Pendant qu’il faisait ses études, déjà en 1995, il était juge au tribunal de Résidence de Kabezi jusqu’en 1999. Depuis 1999 jusqu’en 2004, il était juge président du tribunal de résidence de Bugarama. De 2004 à 2006, il était juge au tribunal de grande instance de Bujumbura, dont il assurera la présidence depuis 2006 jusqu’en 2008. Il a ainsi été nommé conseiller à la cour Suprême l’année qui a suivi. Depuis 2009 jusqu’en 2012, il était vice-président de cette cour et président de la chambre de Cassation. Il a également assuré la présidence à intérim de cette cour entre 2010 et 2011. M. Nyabenda a dans son parcours été membre élu du Conseil supérieur de la magistrature et secrétaire général du Syndicat des magistrats du Burundi. Il enseigne à temps partiel à l’Université lumière de Bujumbura.

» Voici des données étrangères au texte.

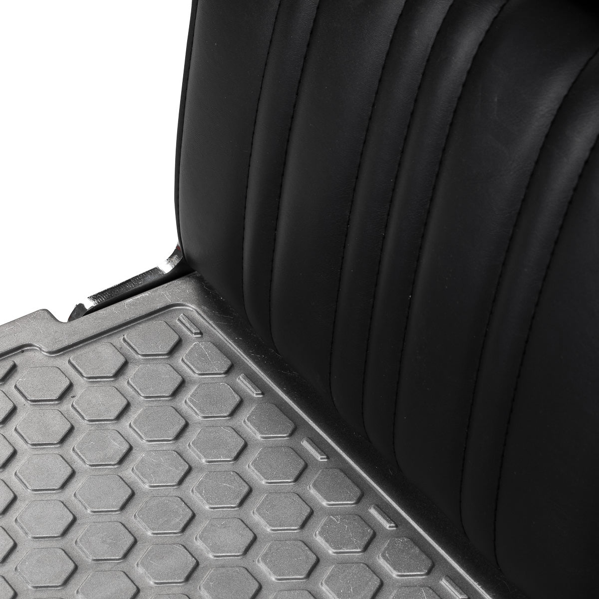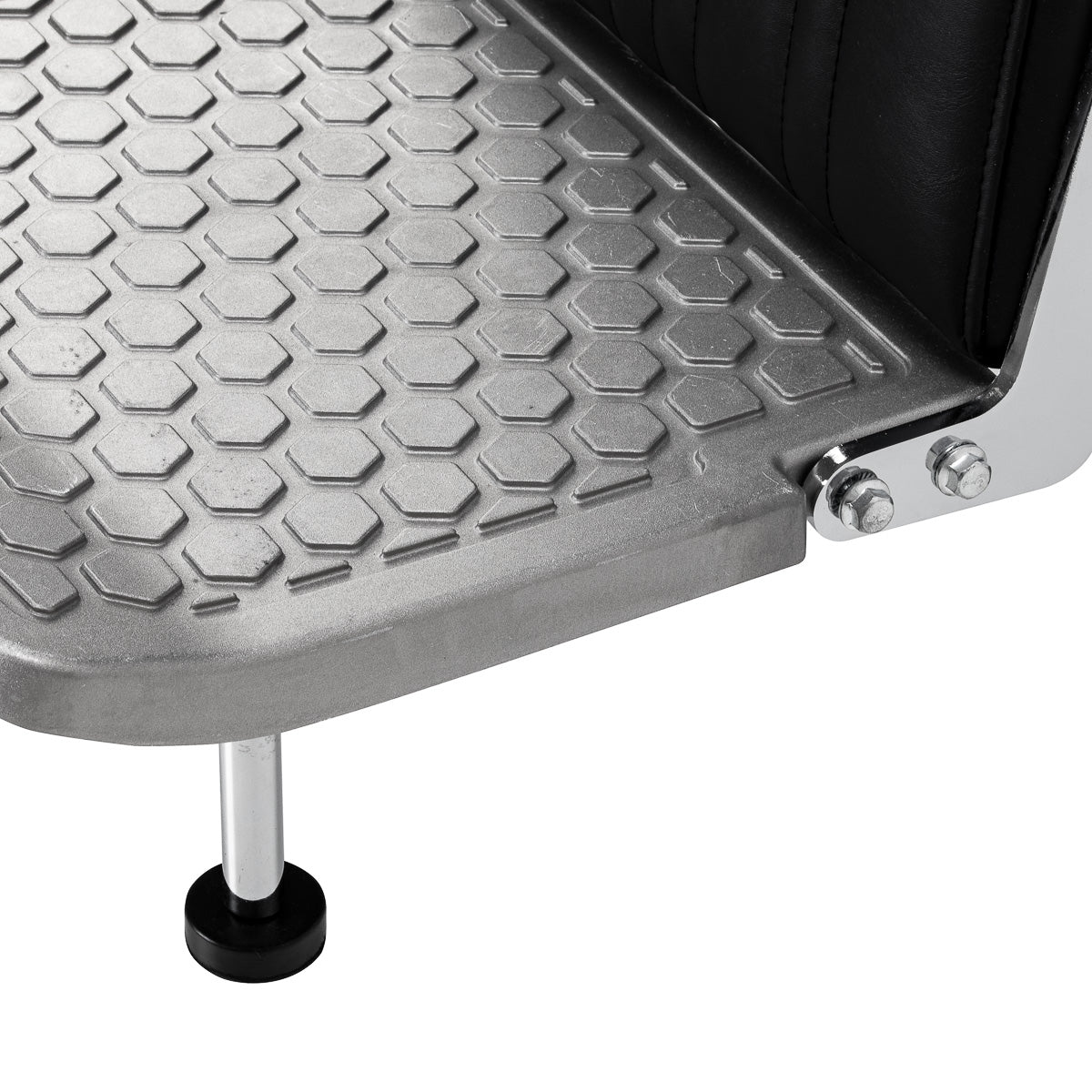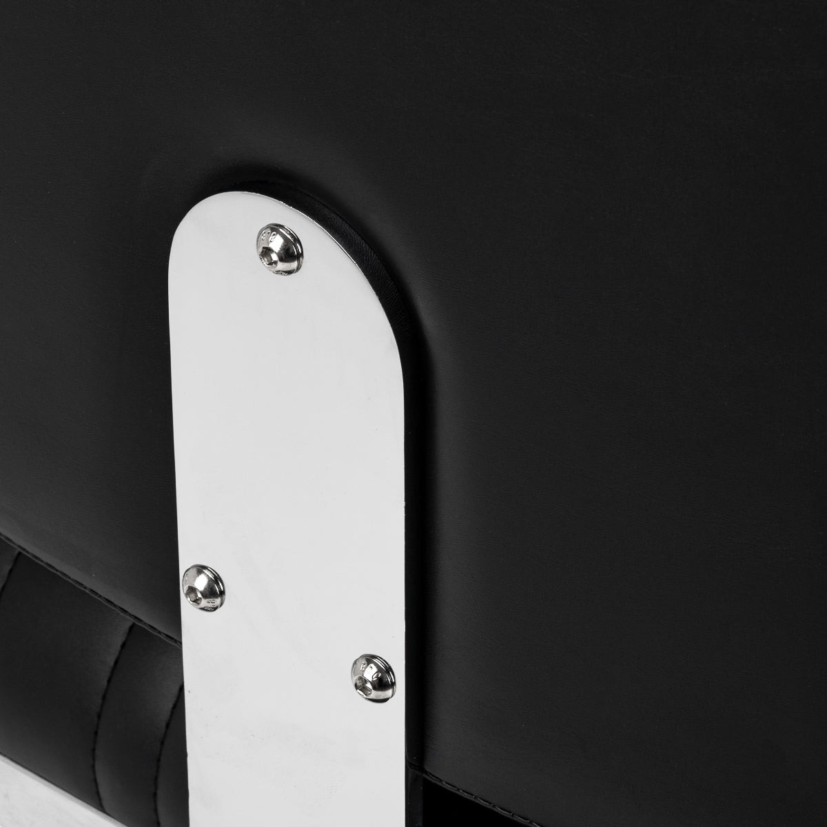 The stable base provides secure support and high comfort of use. The seat is filled with deformation-resistant foam and upholstered with semi-matt synthetic leather, guaranteeing durability and comfort for a long time. The materials are distinguished by their resistance to moisture and ease of cleaning. The black upholstery combined with metal chrome elements and a decorative footrest give the chair a distinctive, classic character. Vertical stitching emphasises the vintage style, which fits perfectly into the atmosphere of professional barbershops. Carefully refined details give the whole a representative look, and the functional design promotes comfortable and effective work.

DSC05303Floribert Nsengiyumva

 
Fils de Protais Singendakubwabo et de Catherine Siniyunguruza , Floribert Nsengiyumva est né dans la commune Ndava de la province de Cibitoke en 1982. Il a fait ses études primaires successivement à l’école primaire Ndava transversale et Musaga II. Il a ainsi fréquenté le lycée Notre dame de Rohero entre 1996 et 2003. Il a continué à l’Université du lac Tanganyika dans la faculté de Droit en 2004 où il a obtenu sa licence en 2009. Après ces études, il a effectué diverses activités dans les secteurs public et privé. Ce n’est qu’en 2012 qu’il a embrassé la carrière de magistrat et a été substitut du procureur en mairie de Bujumbura.

 

DSC05298Fleury Ntungumburanye

Fleury Ntungumburanye est né au quartier IV en commune urbaine de Ngagara en 1977. Ce fils de Raphaël Ntungumburanye et de Calinie Ngerageze a fait ses études primaires à Ngagara. Il a poursuivi ses études au lycée du lac Tanganyika de 1992 à 1997. Après, il a fait deux ans au lycée-Saint Albert pour décrocher le diplôme d’Humanités générales. Il est ainsi entré à l’Université de Ngozi pour faire le droit jusqu’en 2004.
M. Ntungumburanye a débuté le travail au tribunal de Résidence de Ngagara en 2005. En 2007, il est devenu substitut du procureur de Bubanza pendant deux ans. Il a, par après, fait deux ans au tribunal du Travail. Depuis 2011 à 2013, M. Ntungumburanye a suivi une formation à l’Université catholique de Louvain. Depuis 2013 à sa nomination à la Cour spéciale des terres et autres biens, il était substitut du procureur en mairie de Bujumbura.